El magistrado había notado quién era el que había hablado y se disponía a ordenar
que el alborotador fuera conducido a su presencia para ser castigado. Pero el
empleado, sentado cerca del magistrado, al que conocía, dijo:
—Ésta es la persona de la que le he hablado; le ruego que no le castigue.
El magistrado, por consiguiente, se limitó a amonestar al público en términos
generales.
Pero le dijo al empleado:
—Hay algo en él que me repugna, no me cuente nada más de él.
Los tres regresaron juntos, y juntos discutieron la mejor manera de hacer pública la
nueva teoría acerca del rey. Optaron por ir a la metrópoli y hablar con los más sabios
y cultos.
El estudiante preguntó por el niño. La hermana de su amigo llegó y le dijo que su
respiración no mejoraba, pero que el pequeño era fuerte y travieso.

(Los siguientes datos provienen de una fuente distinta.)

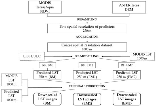 Overview of the procedure for downscaling land surface temperature from MODIS data.
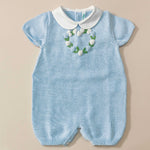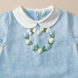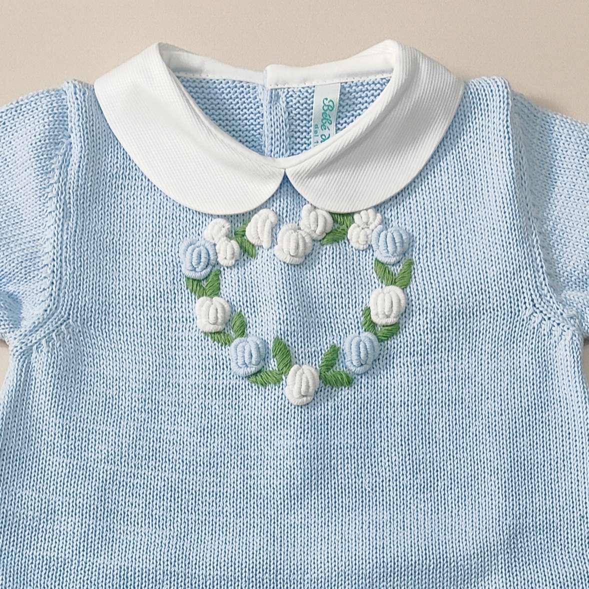 Pagliaccetto in filo 100% cotone con roselline vapore ricamate a mano
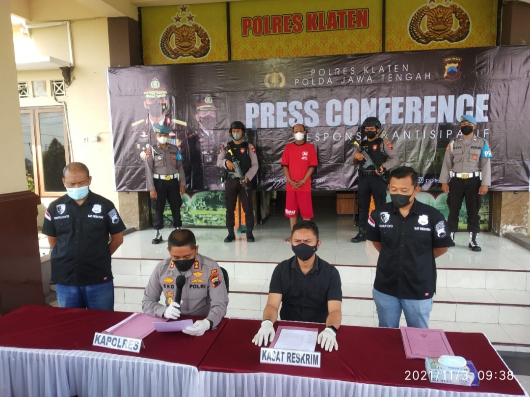 “Modusnya, tersangka menghilangkan nyawa korban dengan menebarkan racun,” jelas Kapolres saat konferensi pers di Mapolres Klaten, Rabu, (3/11/2021).
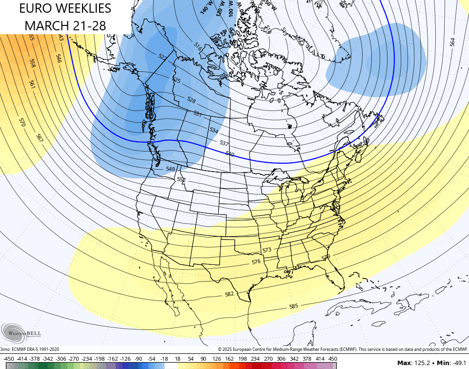The pattern after that looks more conducive for bigger systems of rain and snow late in week one of March.
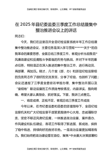 在2025年县纪委监委三季度工作总结暨集中整治推进会议上的讲话.docx
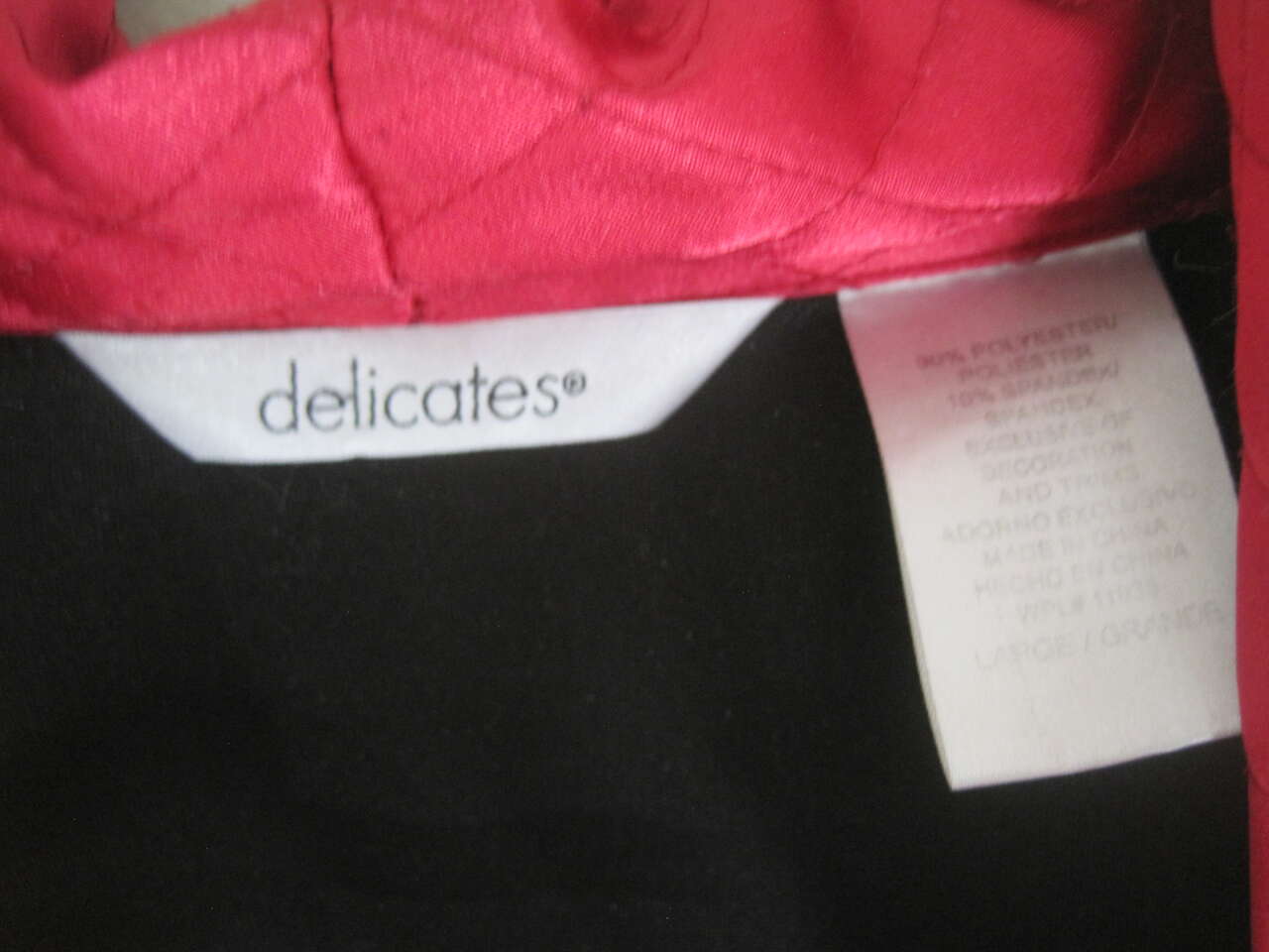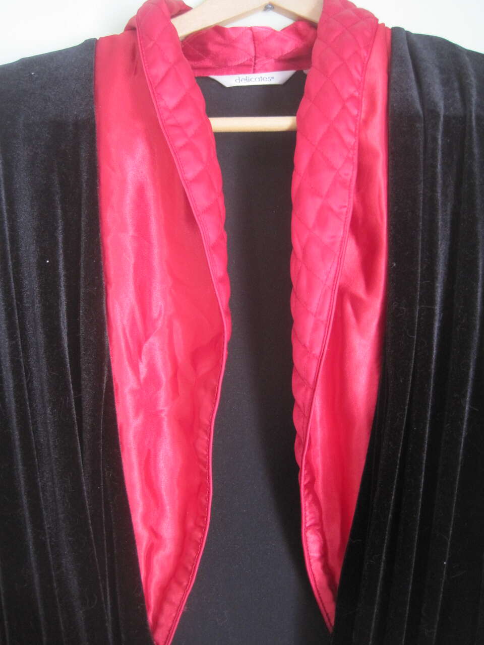 Indulge in luxurious comfort with this stunning Delicates satin robe, perfect for the holiday season. The black fabric is beautifully complemented by the red trim, adding a touch of elegance to your loungewear collection. The 3/4 sleeves and V-neckline provide a flattering fit, while the tie closure and belted waist create a stylish and comfortable look. Crafted from a blend of polyester and spandex, this robe is machine washable and easy to care for. The quilted trim accents and satin fabric type add a touch of sophistication, making it the perfect addition to any wardrobe. Whether you're treating yourself or looking for a thoughtful gift, this Delicates robe is sure to impress.

—Pertenece a la mujer hoy procesada —dijo el estudiante— y debemos cuidarlo
hasta que ella salga de prisión.
Tras una breve deliberación, su amigo confió el niño a un fiel sirviente para que lo
llevara a la metrópoli, donde un enfermo podría pasar más fácilmente inadvertido.
—Y tú —dijo— podrás vigilarlo.
Cuando el estudiante y el empleado estaban a punto de partir para la metrópoli, el
amigo del primero se llevó a éste aparte.

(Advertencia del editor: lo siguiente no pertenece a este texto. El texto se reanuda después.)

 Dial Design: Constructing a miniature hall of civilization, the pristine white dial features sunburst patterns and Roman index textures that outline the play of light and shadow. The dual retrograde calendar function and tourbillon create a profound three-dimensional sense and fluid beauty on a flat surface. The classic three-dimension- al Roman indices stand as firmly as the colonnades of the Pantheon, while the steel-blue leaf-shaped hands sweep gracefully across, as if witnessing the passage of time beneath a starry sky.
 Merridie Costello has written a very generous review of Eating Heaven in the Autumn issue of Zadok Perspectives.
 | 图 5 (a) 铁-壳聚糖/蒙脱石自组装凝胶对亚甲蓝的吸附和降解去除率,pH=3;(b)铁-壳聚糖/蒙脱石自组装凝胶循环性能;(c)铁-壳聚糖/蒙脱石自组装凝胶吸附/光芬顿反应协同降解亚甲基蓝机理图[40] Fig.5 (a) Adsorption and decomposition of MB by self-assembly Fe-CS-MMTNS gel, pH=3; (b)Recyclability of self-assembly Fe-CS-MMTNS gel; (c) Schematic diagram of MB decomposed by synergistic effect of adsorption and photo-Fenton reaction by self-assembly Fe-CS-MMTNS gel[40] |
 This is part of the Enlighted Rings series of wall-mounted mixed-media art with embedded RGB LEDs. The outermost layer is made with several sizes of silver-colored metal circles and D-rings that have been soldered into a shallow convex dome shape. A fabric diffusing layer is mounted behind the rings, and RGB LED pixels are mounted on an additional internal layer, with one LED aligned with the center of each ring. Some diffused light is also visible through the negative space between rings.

—Mi hermana me ha dicho que cuando tú has llegado estaba sumido en el letargo.
—Sí.
—Y, ¿me has vuelto tú a la vida?
—Sí.
—¡No sé cómo agradecértelo! Si no hubiera sido por ti nunca habría vuelto a gozar
de la vida. Te estoy muy agradecido.
—No me lo agradezcas a mí, sino más bien a ese poder que te ayudará a lo largo de
toda tu vida como yo lo he hecho momentáneamente. E incluso en esta circunstancia,
no es a mí a quien debes gratitud, sino a él, porque si he sido capaz de librarte del
dolor ha sido solamente gracias a él.
Dicho esto se despidió de su amigo, y prosiguió su camino con el empleado.

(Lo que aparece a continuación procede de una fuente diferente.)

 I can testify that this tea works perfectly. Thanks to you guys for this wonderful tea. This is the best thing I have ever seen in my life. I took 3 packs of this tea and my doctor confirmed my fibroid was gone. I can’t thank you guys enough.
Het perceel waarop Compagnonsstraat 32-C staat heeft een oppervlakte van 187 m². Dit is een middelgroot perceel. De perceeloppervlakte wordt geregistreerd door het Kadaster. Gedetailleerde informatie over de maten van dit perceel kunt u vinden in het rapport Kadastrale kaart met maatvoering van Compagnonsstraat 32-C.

No habían ido muy lejos cuando un séquito de sirvientes surgió detrás de ellos.
Permanecían a un lado del camino, pero de entre ellos se adelantó un joven.
—Me he enterado de lo que ha hecho usted y me he apresurado a alcanzarle.
—¿Qué desea?
—Quiero ir con usted. Sé que ha devuelto a su amigo a la vida, sacándolo del letargo
en que estaba sumido. No existe poder tan grande como ése. Soy extremadamente
rico, y todo lo que tengo lo pongo a su servicio; muéstreme su poder.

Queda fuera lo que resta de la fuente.